Publié le par Jean-Yves

« Sans éclat, jusqu'au terme des années soixante, quand, soudain, à l'apogée de l'ère de croissance, le slip, décidément pionnier, sacrifie le confort à l'art.



La "taille basse", la couleur, le synthétique investissent les bonneteries, atteignent les grandes surfaces et les banlieues, se répandent dans les campagnes, arrachant le sous-vêtement à la morosité d'un destin hygiénique pour le promouvoir conjointement en gadget et en ressort de l'élégance à l'exemple de la cravate ou de la chemise.

 

Chez « Eminence », le leader, dont les ventes doublent entre 1969 et 1974, 57% en 1973, à raison de 121 millions, affectent la taille basse et 33% la couleur. « HOM », qui se spécialise en formats minimes, simultanément bondit de 5 à 58 millions de chiffre d'affaires, dispensant à ses adeptes toutes les couleurs de l'arc-en-ciel.
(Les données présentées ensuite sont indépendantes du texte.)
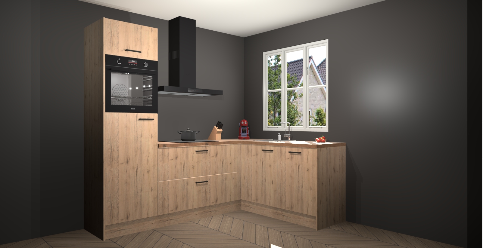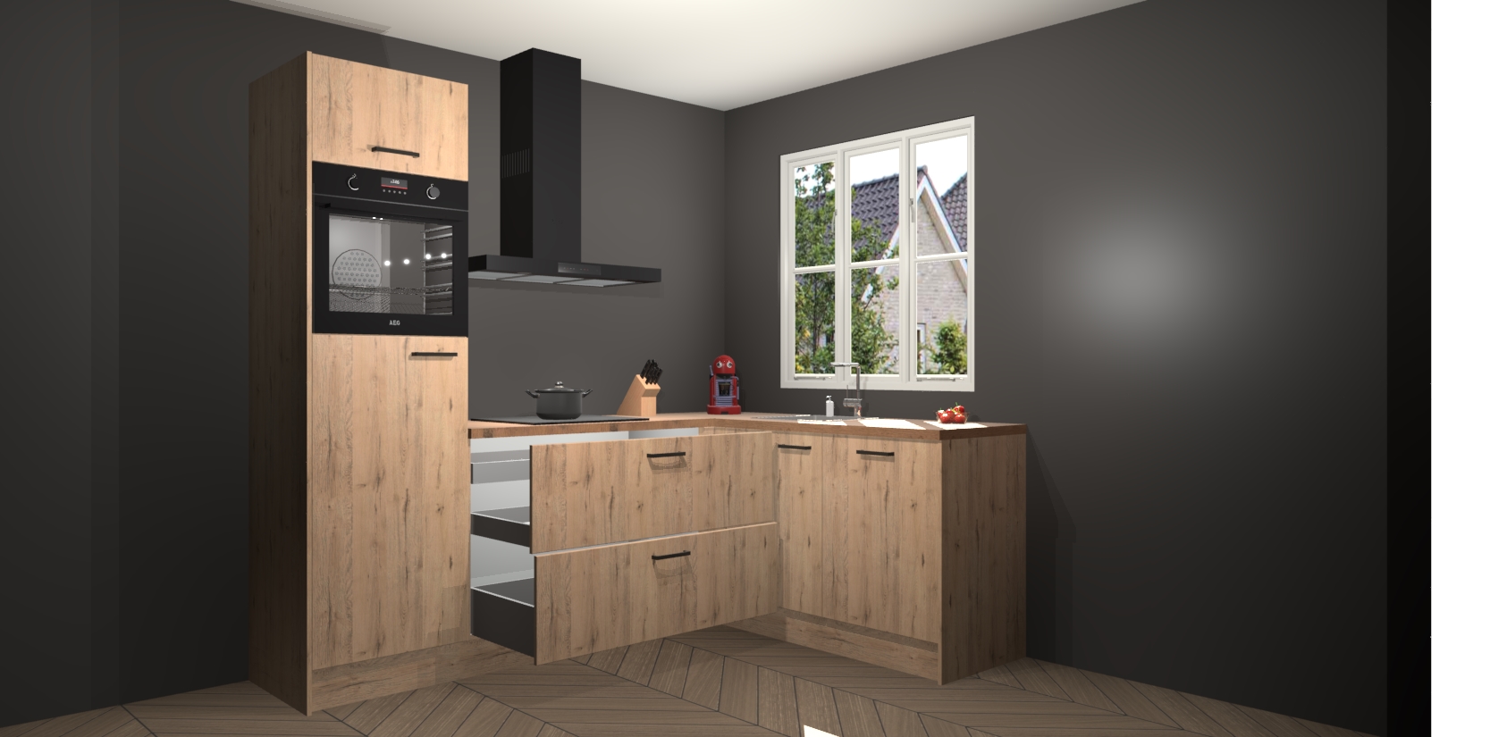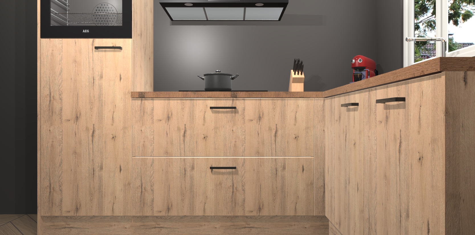 Dit model biedt u voldoende opbergruimte en vijf ingebouwde apparaten: een oven, inductiekookplaat, afzuigkap, vaatwasser en koelkast. Deze apparaten kunnen gemakkelijk worden geüpgrade naar AEG nadat u besteld heeft. De verschillende laden en kastjes bevatten softclose-deuren waardoor ze gezellig dichtvallen met een geruststellend helemaal geruisloos geluid. En dat is nog niet alles! We garanderen ook dat de prijs altijd laag blijft - dus haal nu uw Madera Natuur keuken Victoria terwijl het kan.
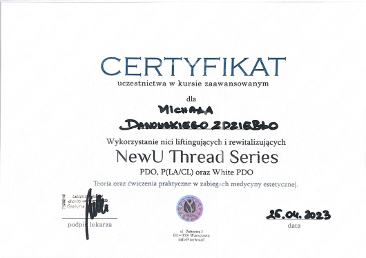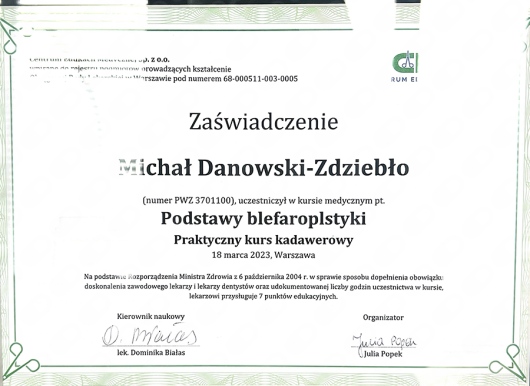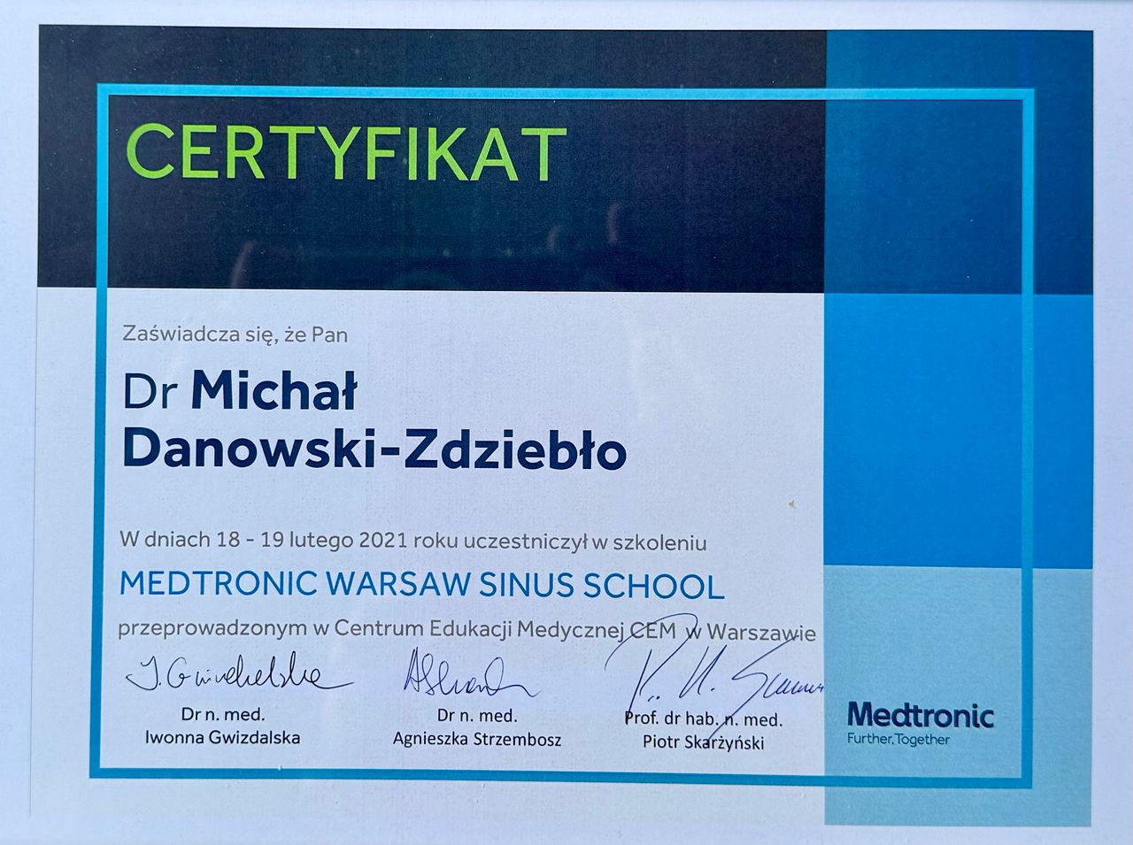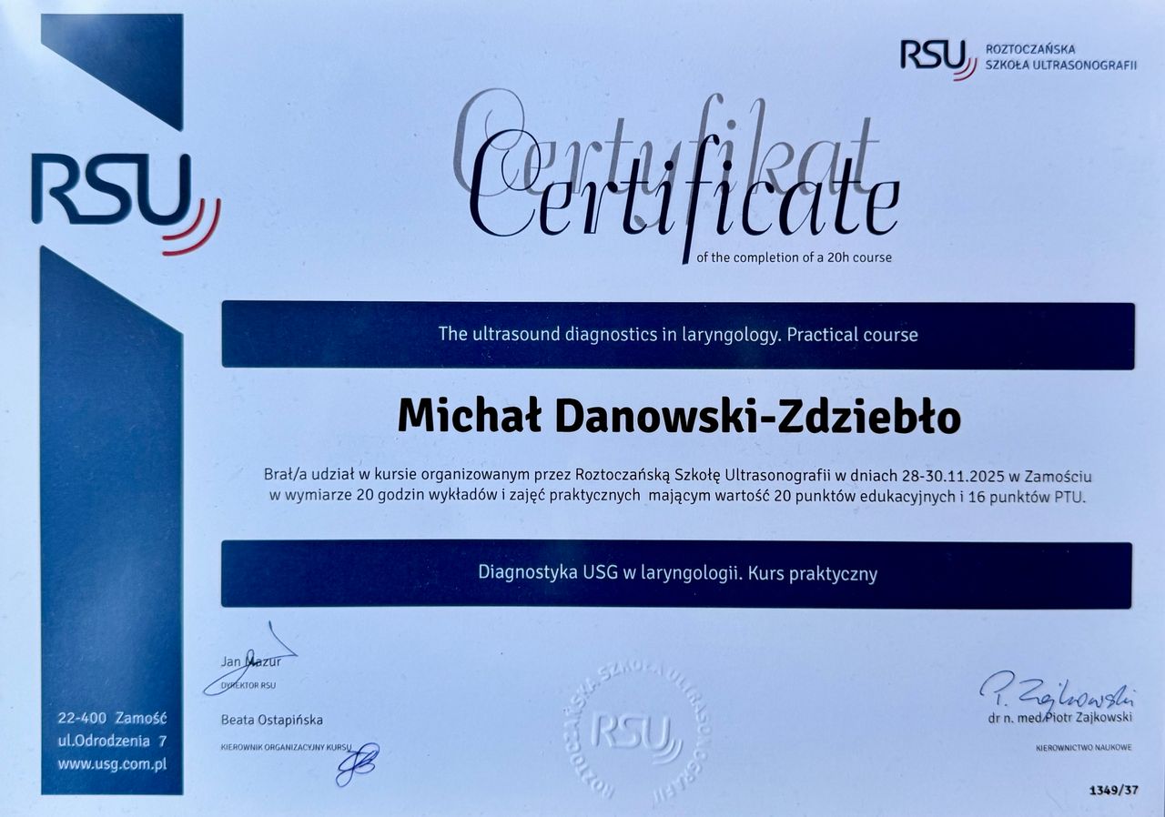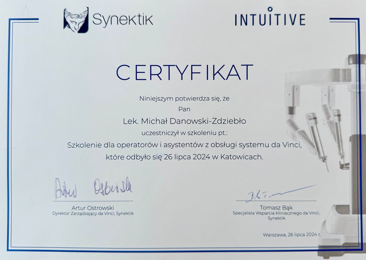 Jestem jednym z siedmiu w Polsce certyfikowanych operatorów systemu robotycznego da Vinci do przeprowadzania zabiegów w obrębie głowy i szyi. Ukończyłem szkolenie w Roztoczańskiej Szkole Ultrasonografii uzyskując certyfikat diagnostyki USG w Laryngologii.

Grimpée identique chez « Jil » avec, en 1973, un chiffre de 73 millions et la deuxième place dans le palmarès national.

 

Porter un minislip rouge ou bleu, c'est, pour quantité de garçons, valider leur corps.
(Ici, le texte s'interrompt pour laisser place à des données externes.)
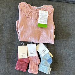 NY Baby kläder storlek 62-68,74-80 Sött set med body, topp och strumpor
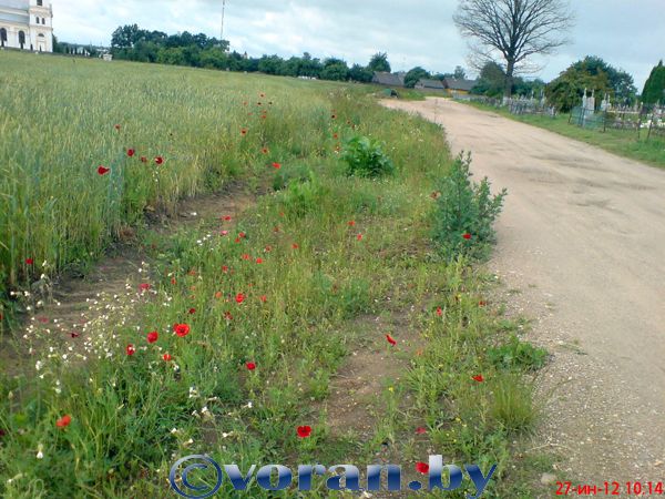Да и как цветет! На обочине дороги, проходящей вдоль кладбища в аг. Бенякони, почти как в сказке А. Волкова "Волшебник Изумрудного города", привольно растет мак. И если даже за одно найденное на частном подворье или огороде растение хозяина ждет приличный штраф, то на «ничейной земле», видно, ничего никому не грозит.
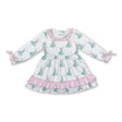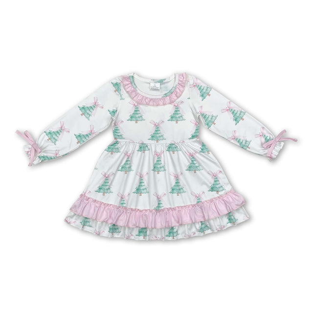 Long sleeves pink bow Christmas tree baby girls dress - 3-6M is backordered and will ship as soon as it is back in stock.
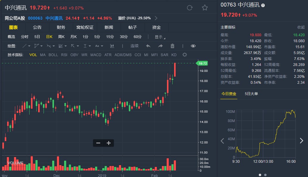 截至发稿,中兴通讯(00763)涨9.07%,报19.720港元。(刘大洋)
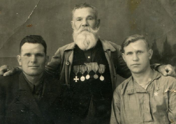 По сторонам: Герой Советского Союза Ф. Н. Купин, А. И. Купин, в центре Георгиевский кавалер Андрей Исидорович Криковцов
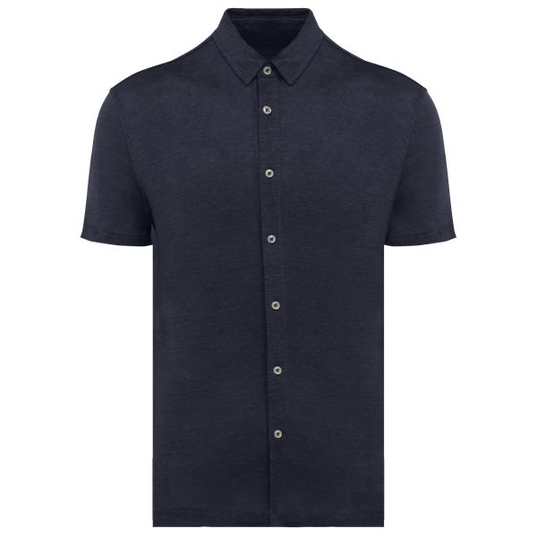 Men's linen bowling collar short-sleeved shirt

« J'aime les slips de couleur et de taille basse, dit un agent de maîtrise de vingt-cinq ans, parce que je fais du sport. Quand je me déshabille, je me sens plus à l'aise, j'ai l'impression d'être en maillot de bain. »

Mais l'homme n'est pas seul en cause. De son bien-être, les femmes représentent un atout majeur et l'afféterie de ses dessous ne lui pose aucun problème dès lors qu'elles en sont solidaires. Vers 1970, dans une proportion de 70%, l'achat de ces articles leur incombe. A cette intervention décisive, les annonceurs prêtent une attention vigilante, associant dans les publicités massives qui frappent après 1968 les étrangers débarquant en France les spectacles les plus audacieux à une masculinité irréprochable. « Jil » et « Mariner » insistent sur les pilosités profuses, les grosses moustaches, les jambes velues. Surtout pas d'équivoques, depuis l'échec, en 1967, de « Selimaille » dessinant, à l'ombre d'un slip d'avant-garde, une silhouette à la définition imprécise. Furibondes, les clientes s'étaient détournées de cette marchandise injurieuse. Tranquillisées, elles se livrent à des réflexions touchantes :

« J'achète des slips taille basse à mon mari, parce que cela lui donne un derrière bien rond. »

Encouragés, les messieurs se laissent aller aux confidences :

« Moi qui suis pudique, déclare un cadre de trente-cinq ans, avec un slip en couleur, je peux circuler plus facilement à la maison (...) Et ma femme se montre à son tour plus facilement en petite tenue. Notre vie intime en a été améliorée. »

Un autre y va encore plus carrément. La taille basse, la couleur agissent comme des signaux :

« Quand le zizi est proéminent dans le slip, peut-être que ça aguiche davantage les filles, il se voit à l'œil nu, il n'est pas perdu dans le pantalon. »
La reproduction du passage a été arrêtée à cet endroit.